- Directed by: Danielle Arbid
- Written by: Danielle Arbid
- Produced by: Omar El Kadi; Nadia Turincev; George Schoucair;
- Starring: Hiam Abbass; Amine Benrachid;
- Cinematography: Céline Bozon
- Edited by: Clément Pinteaux
- Music by: Bachar Mar-Khalifé
- Production companies: Easy Riders Films; Abbout Productions; Rise Studio; Arab Radio and Television Network; Les Films Pelléas; Reborn Studio; Doha Film Institute; CNC;
- Distributed by: JHR Films
- Release date: 12 February 2026 (Berlinale);
- Countries: France; Lebanon; Qatar;

= Only Rebels Win =

2026 drama film

Only Rebels Win is a 2026 drama film written and directed by Danielle Arbid. It stars Hiam Abbass, Amine Benrachid, Shaden Fakih, Charbel Kamel, Rubis Ramadan and Alexandre Paulikevitch.

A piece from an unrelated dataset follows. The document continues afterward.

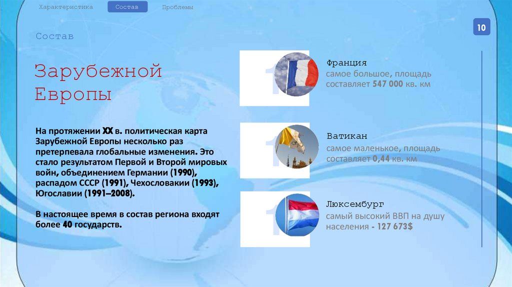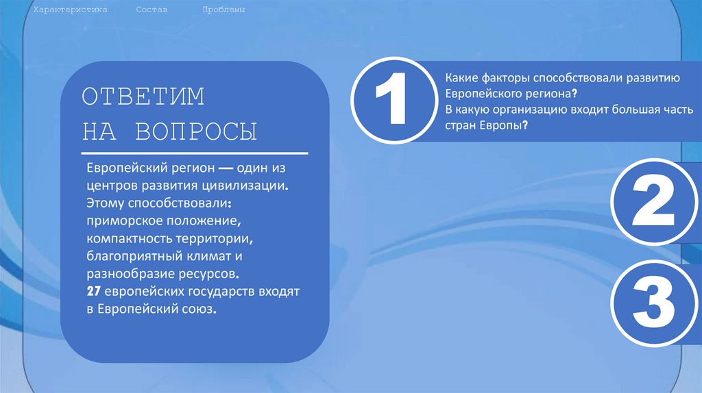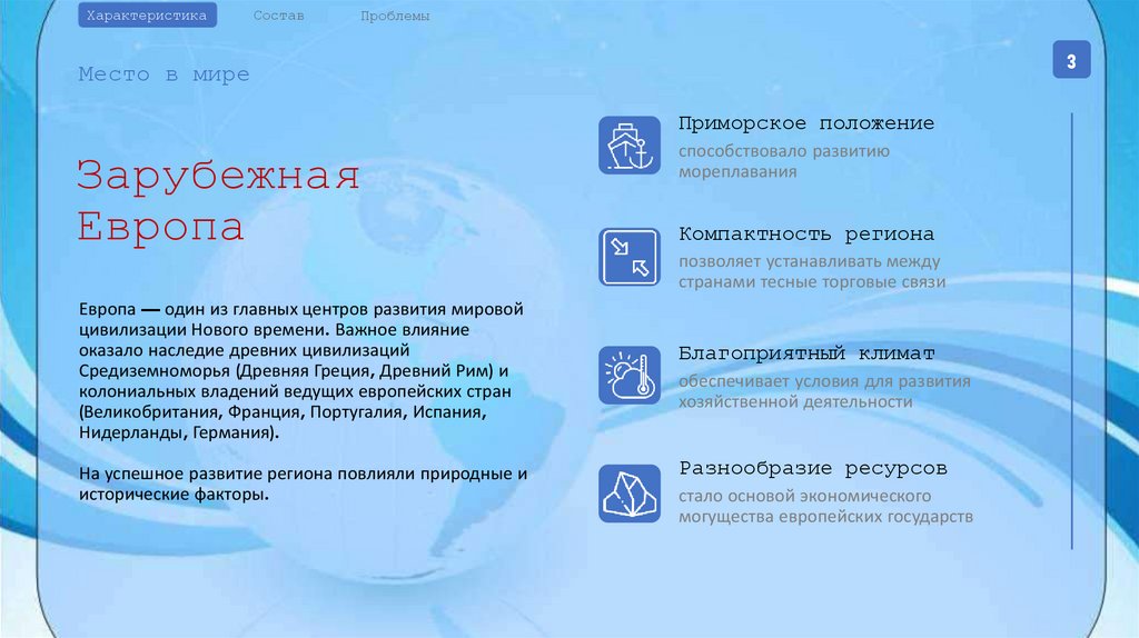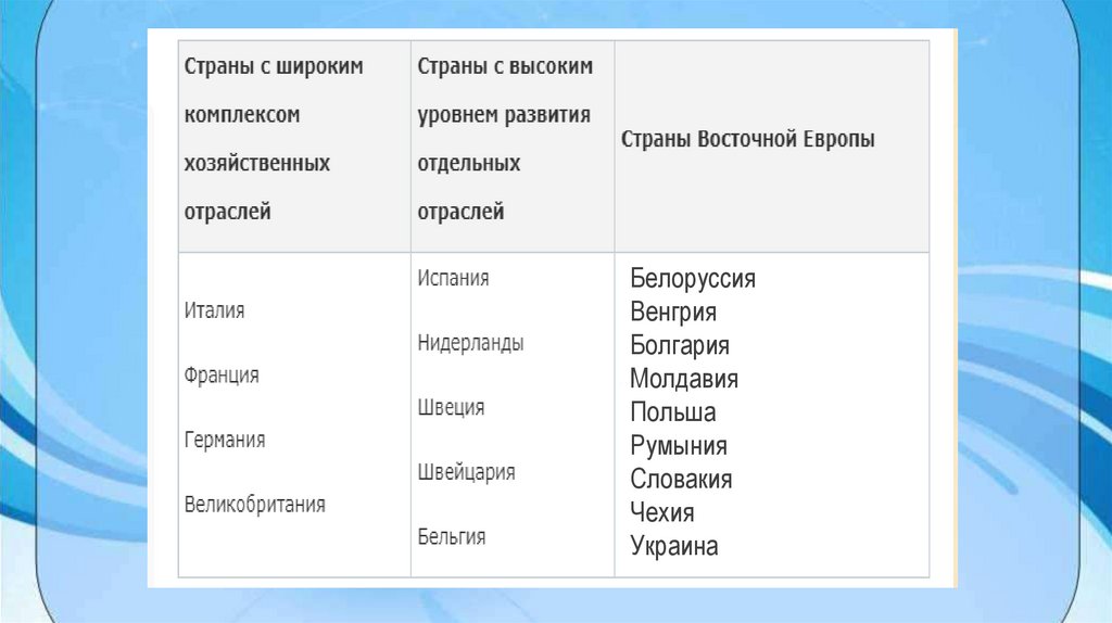 • Сформировать представление об особенностях ЭГП странЕвропы, определить его значение для хозяйства региона

The film had its world premiere at the Panorama section of the 76th Berlin International Film Festival on 12 February 2026.

==Premise==
In Beirut, a widow falls for a young man searching for a better future.

==Cast==
- Hiam Abbass as Suzanne
- Amine Benrachid as Osmane
- Shaden Fakih
- Charbel Kamel
- Rubis Ramadan
- Alexandre Paulikevitch

==Production==
In December 2023, it was announced Hiam Abbass and Amine Benrachid had joined the cast of the film, with Danielle Arbid directing from a screenplay she wrote.

Principal photography began in January 2025 at Montjoie Studios in France.

==Release==
It had its world premiere at the 76th Berlin International Film Festival on 12 February 2026 in the Panorama section.